**EXERCISE DIRECTIONS**: Could you retype only the lines from the one containing "وأرسلت شرطة مديرية" through the final line of the entries, both included, skipping any images?

**SOURCE DATA**:
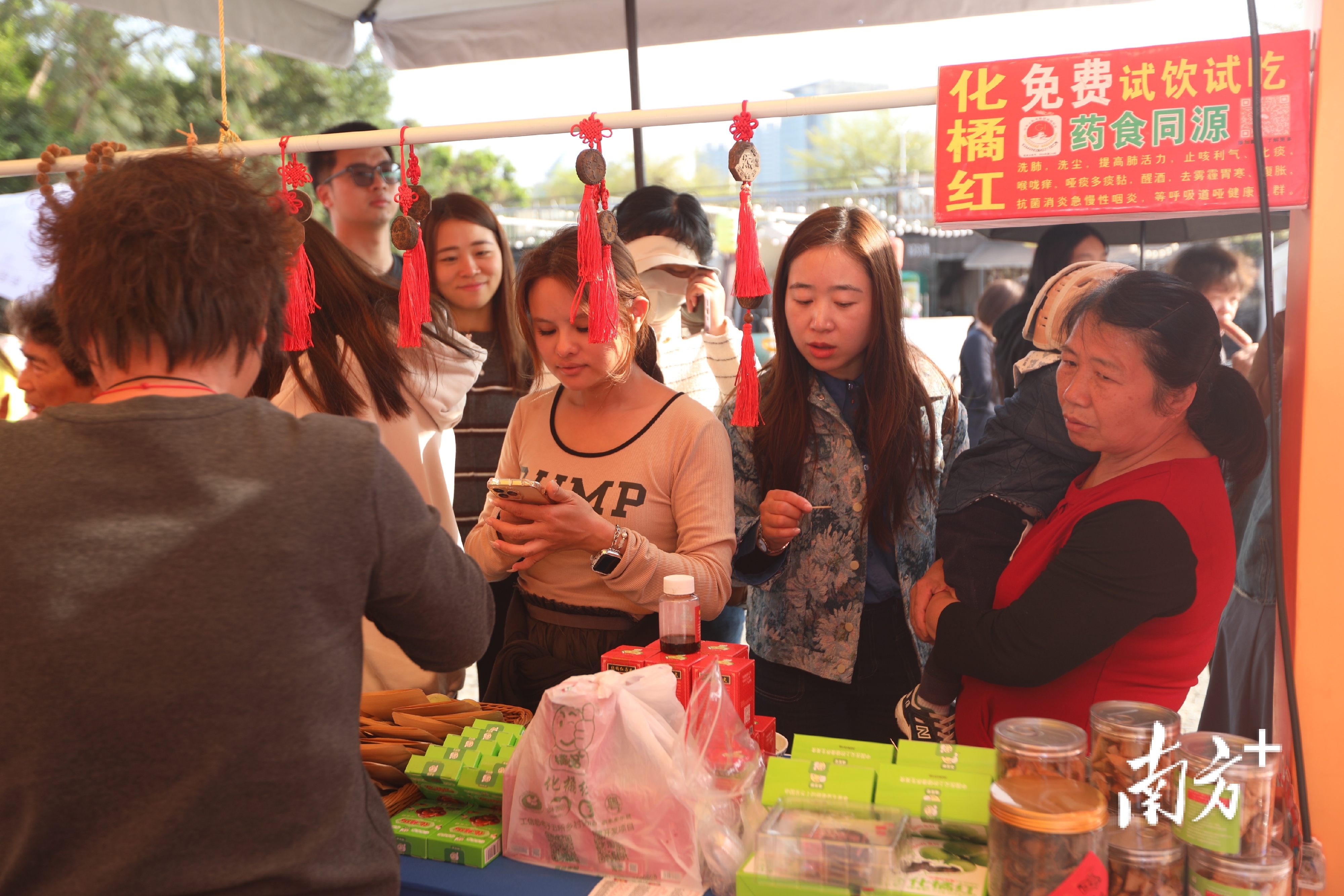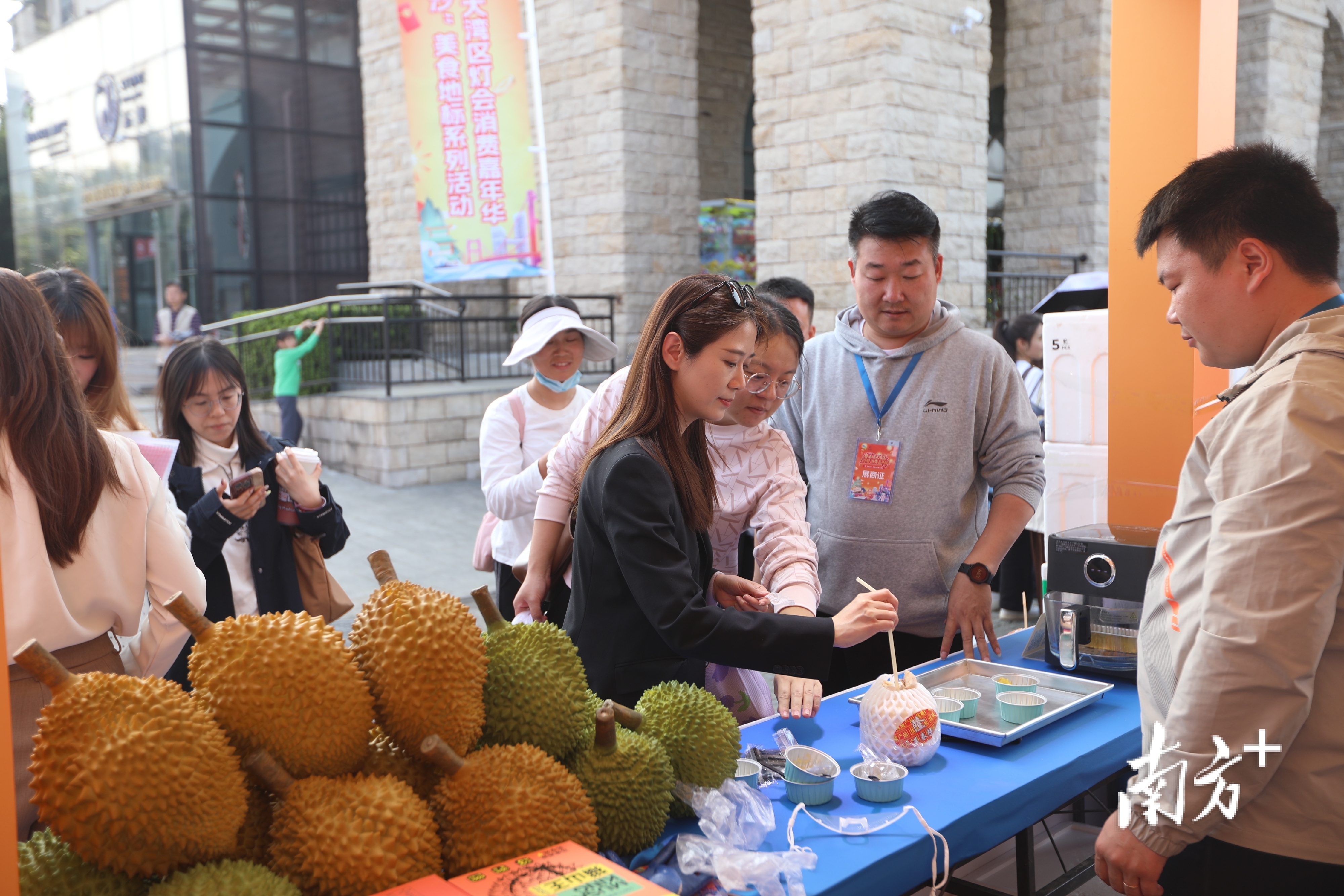 启幕当晚,国家级非物质文化遗产——黄阁麒麟舞登场,矫健灵动的舞姿瞬间点燃现场气氛。舞台外的互动游戏区同样人气高涨,市民游客挑战趣味游戏解锁专属印章,集齐三枚即可兑换限定礼品。而在30个美食展位组成的特色美食一条街上,凤凰单丛茶、新会陈皮、英德红茶、新垦莲藕等地理标志产品摊位前排起长队。
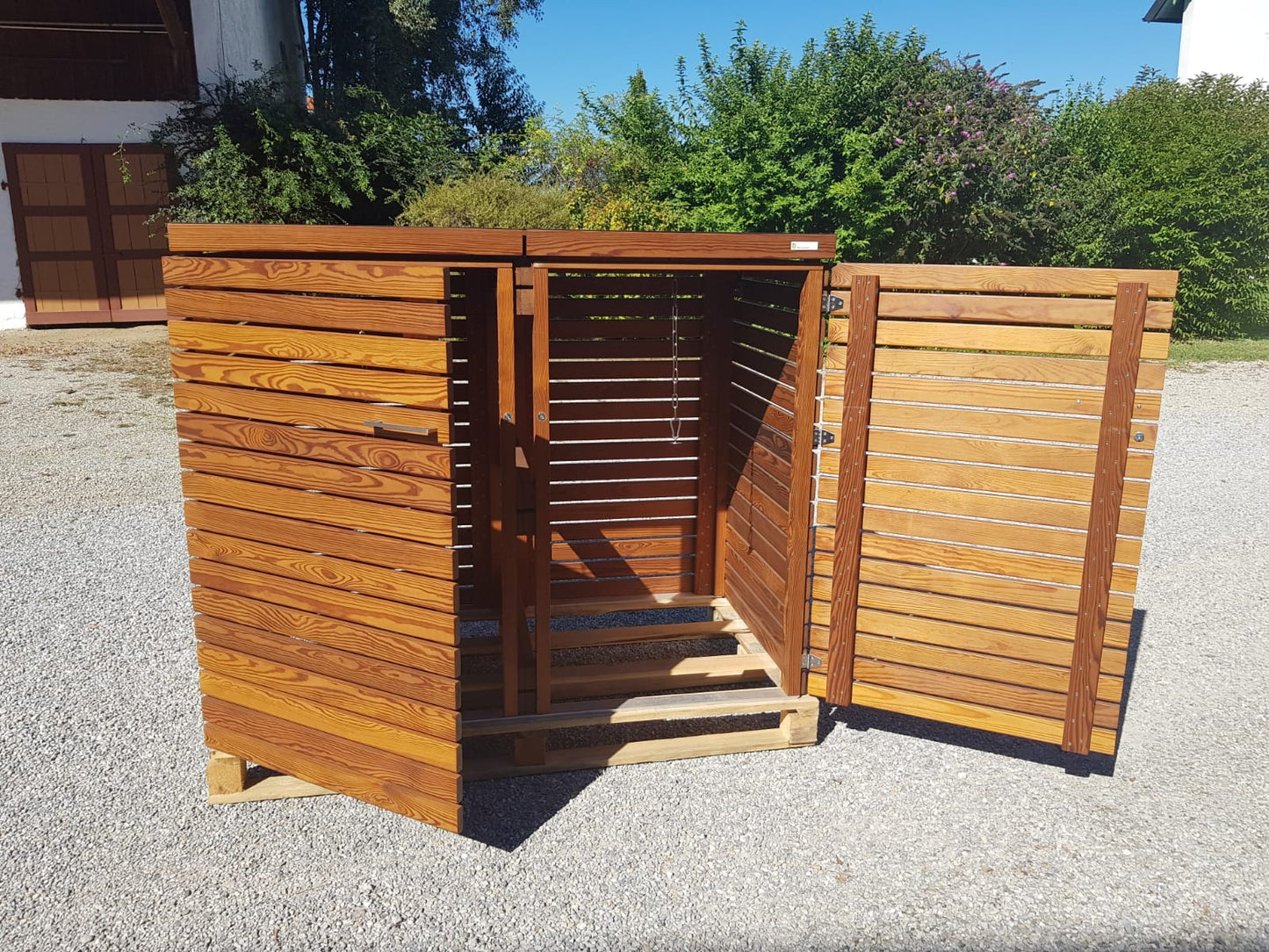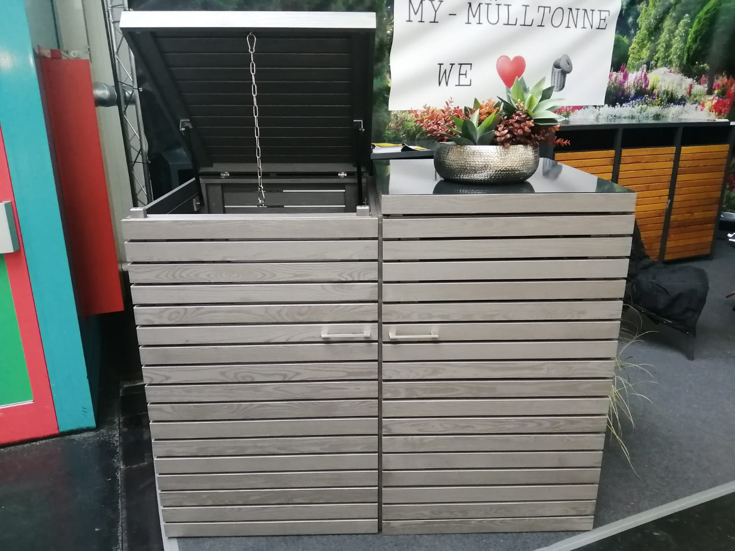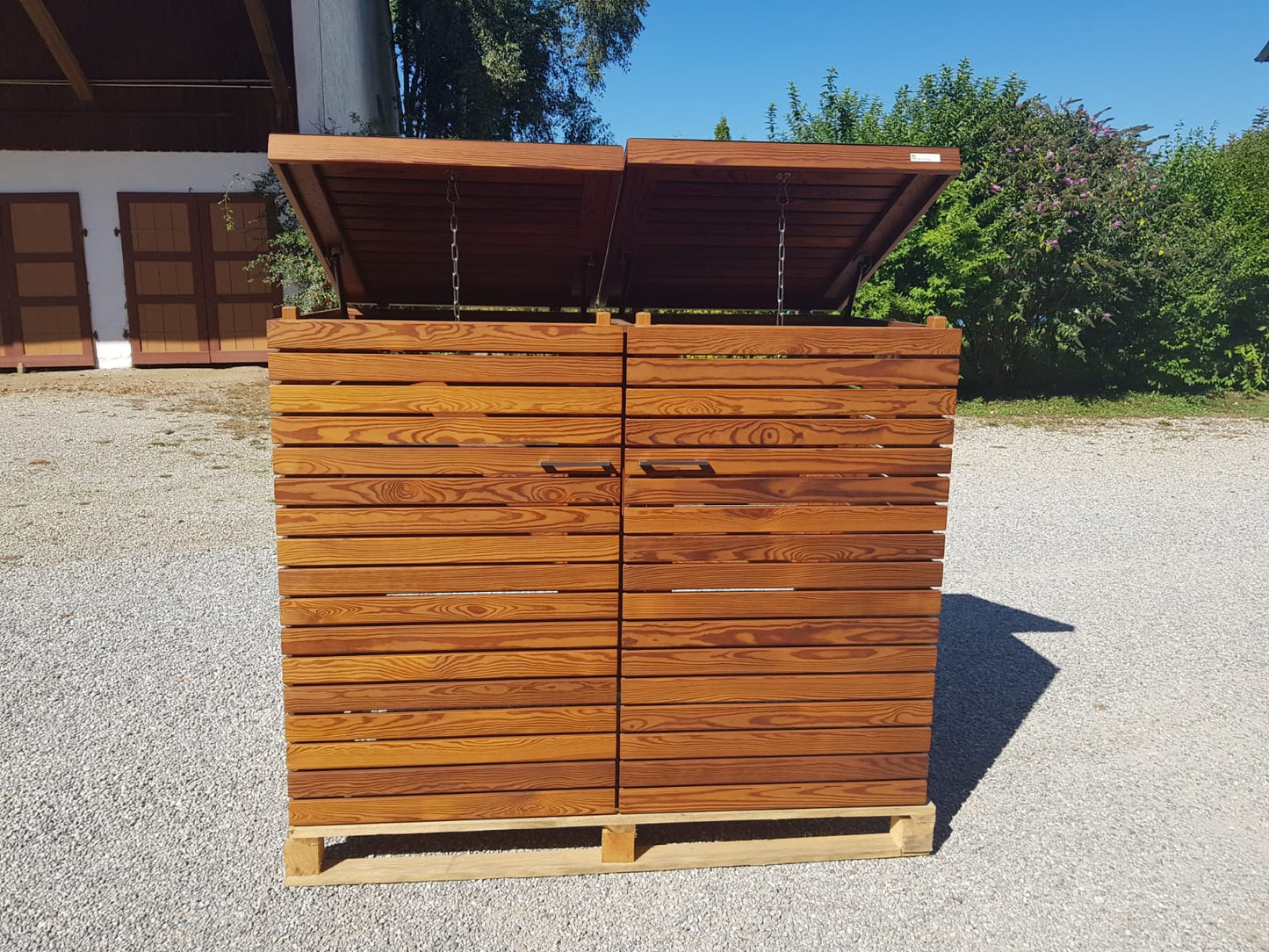 Edle 2er Holzbox mit Dachklappe für 120 / 240 Liter
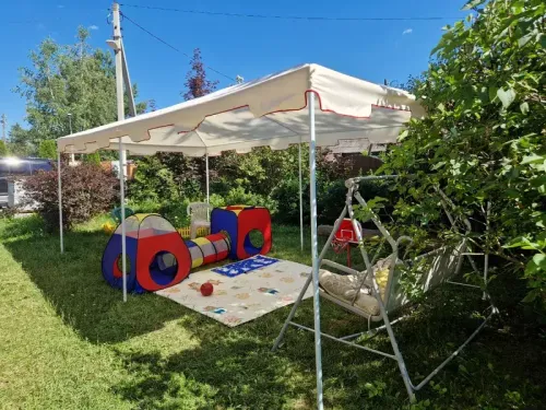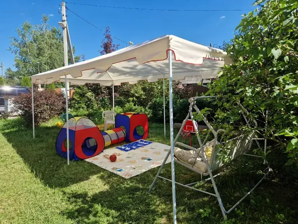 Защита от Солнца: Крыша тента обеспечивает надежную защиту от солнечных лучей, позволяя наслаждаться отдыхом на открытом воздухе, не беспокоясь о вредных воздействиях ультрафиолетового излучения.
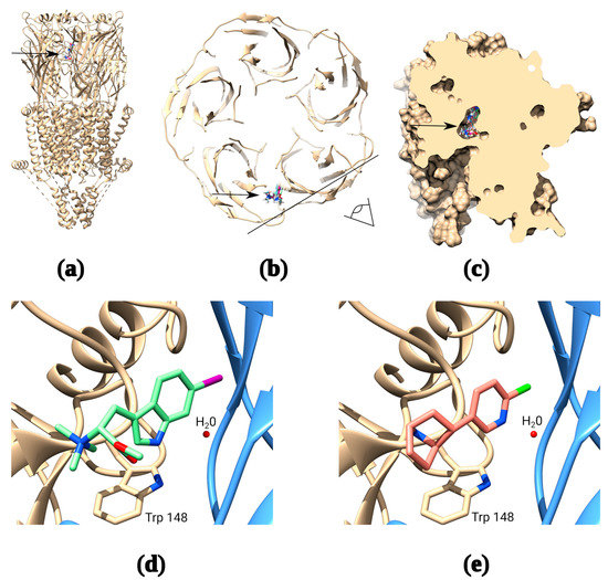 - Noviello, C.M.; Gharpure, A.; Mukhtasimova, N.; Cabuco, R.; Baxter, L.; Borek, D.; Sine, S.M.; Hibbs, R.E. Structure and Gating Mechanism of the A7 Nicotinic Acetylcholine Receptor. Cell 2021, 184, 2121–2134.e13. [Google Scholar] [CrossRef] [PubMed]
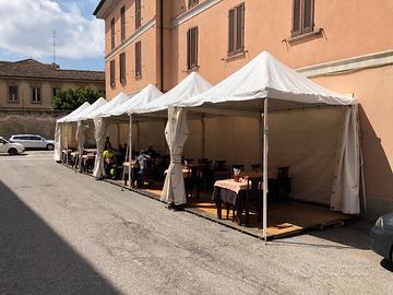 Gazebo mt 3x3 con struttura in alluminio bianco, pali di diametro 5 cm, copertura superiore in telo spalmato pvc cl2 al costo di € 400 l’uno, disponibili 25. Teli perimetrali Scorrevoli, traslucidi bianco € 25 l’uno
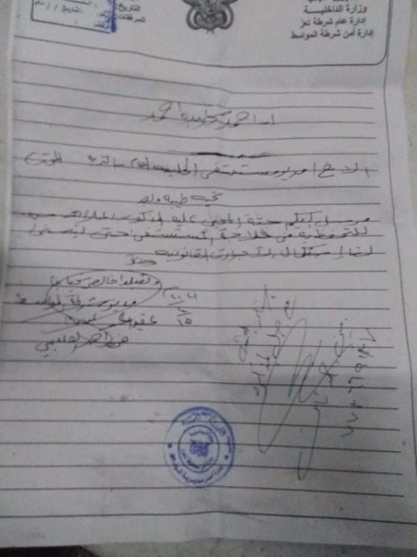 وأرسلت شرطة مديرية المواسط جثة الطفل المجني عليه إلى ثلاجة الموتى بمستشفى خليفة العام في التربة مركز مديرية الشمايتين، والتحفظ عليها ليتسنى استكمال التحقيقات الجنائية بحسب المذكرة الموقعة والممهورة بختم الشرطة في مديرية المواسط.
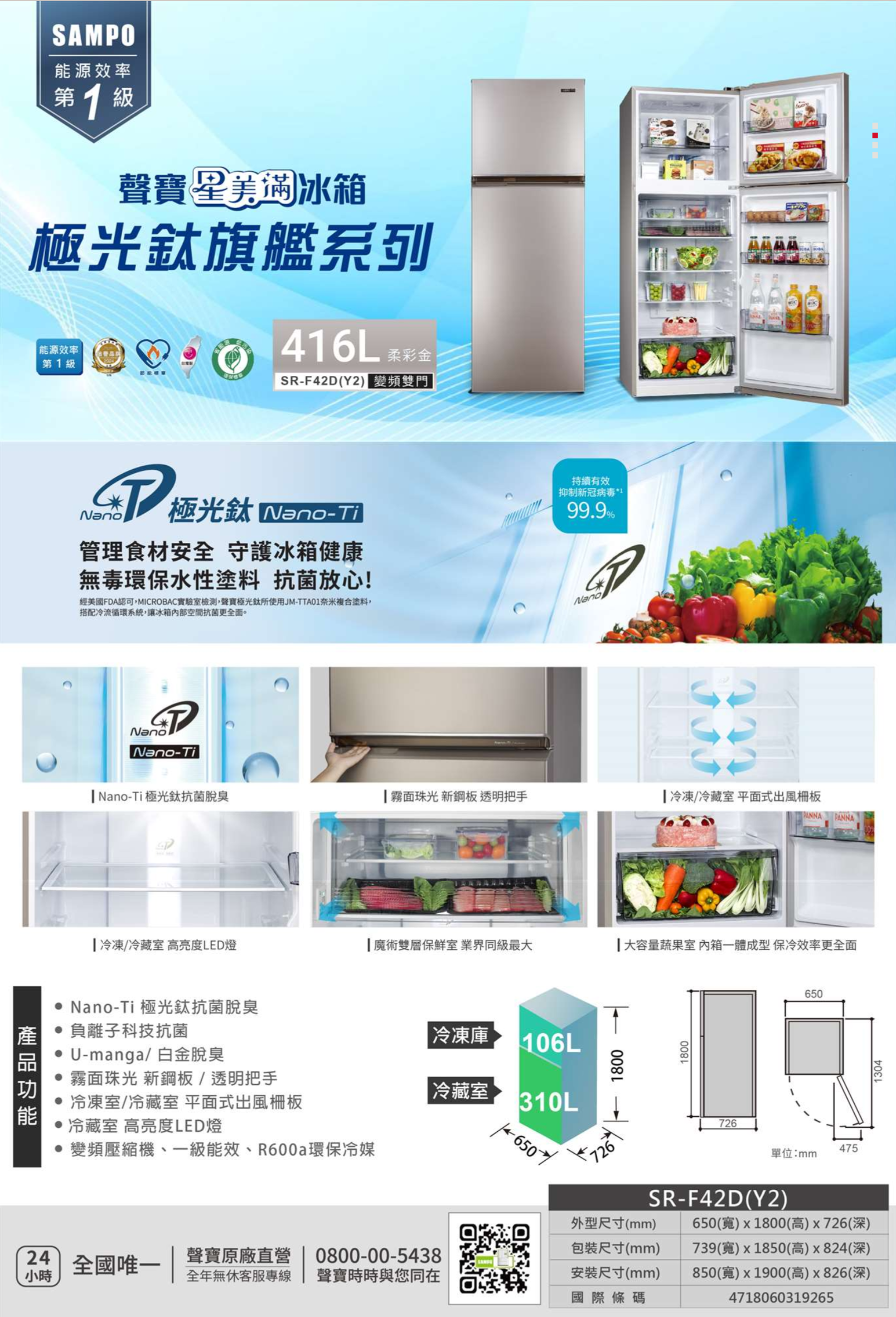 變頻壓縮機、一級能效、R600a環保冷媒
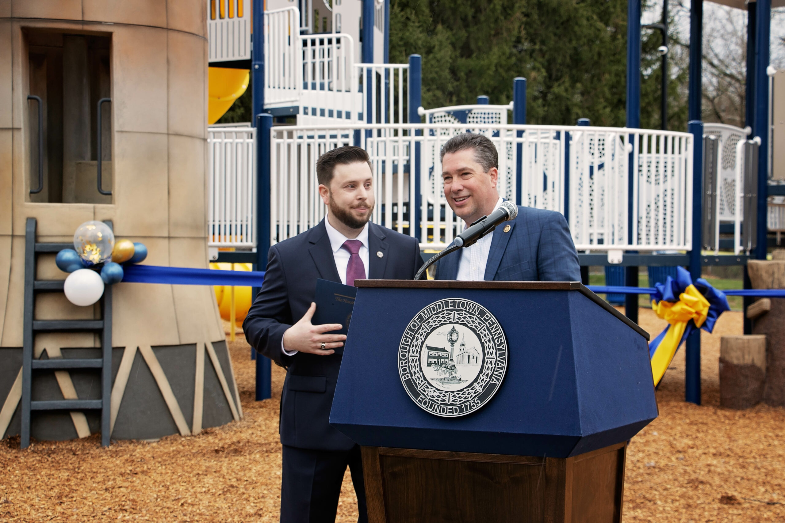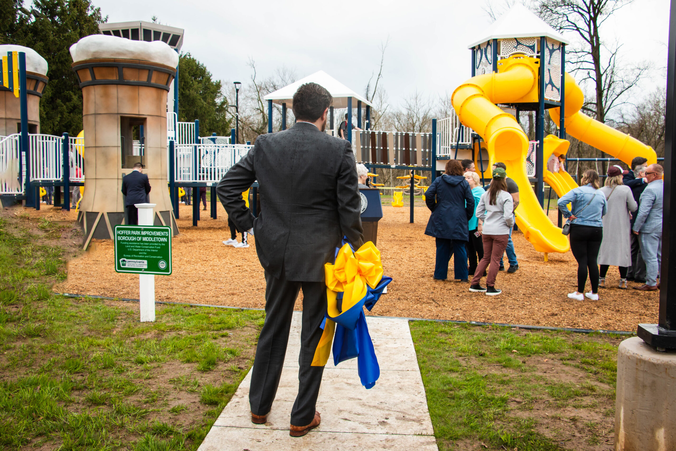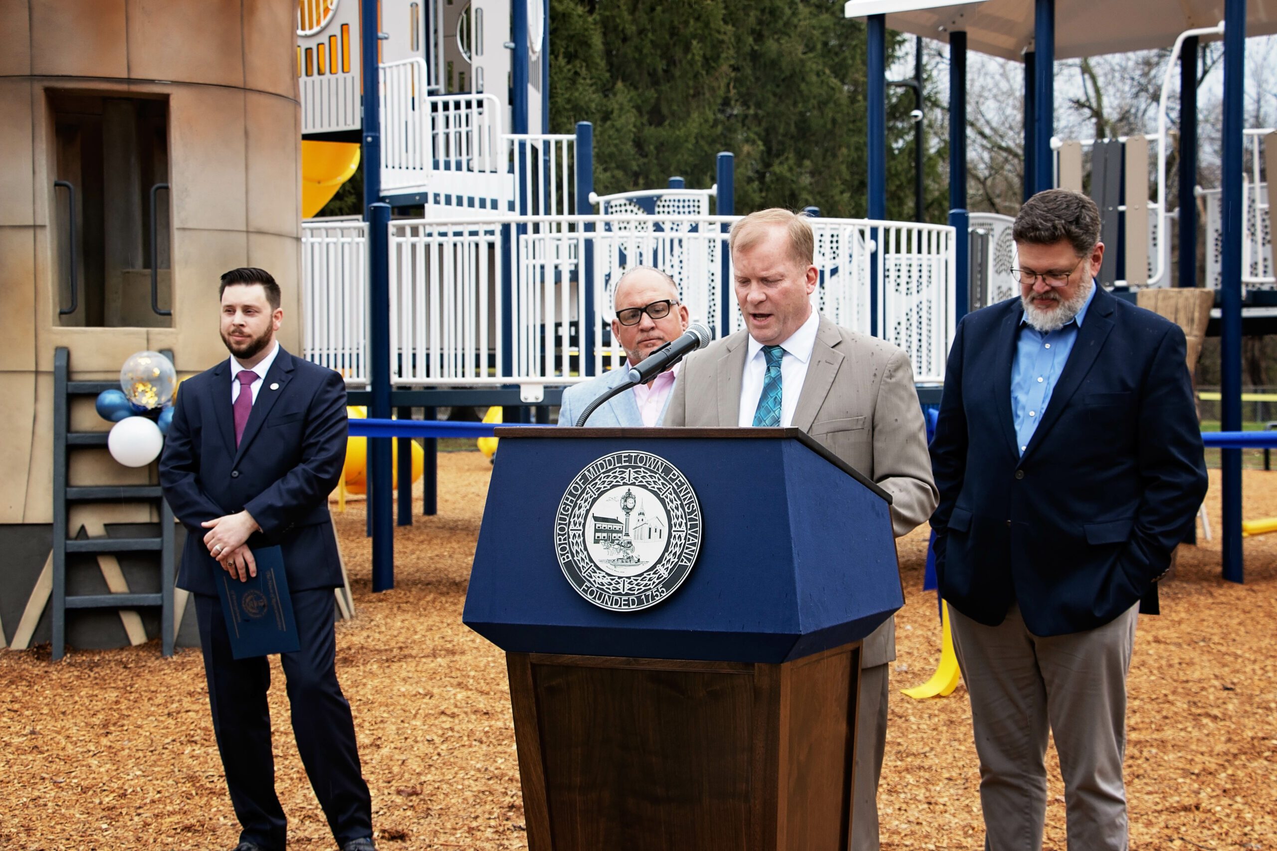 The Grand Opening of the Little Middletown Playground at Hoffer Park which occurred on April 1, 2023 was a wonderful event with many people coming to appreciate and enjoy the new playground.

**OUTPUT BELOW**:
 وأرسلت شرطة مديرية المواسط جثة الطفل المجني عليه إلى ثلاجة الموتى بمستشفى خليفة العام في التربة مركز مديرية الشمايتين، والتحفظ عليها ليتسنى استكمال التحقيقات الجنائية بحسب المذكرة الموقعة والممهورة بختم الشرطة في مديرية المواسط.
 變頻壓縮機、一級能效、R600a環保冷媒
 The Grand Opening of the Little Middletown Playground at Hoffer Park which occurred on April 1, 2023 was a wonderful event with many people coming to appreciate and enjoy the new playground.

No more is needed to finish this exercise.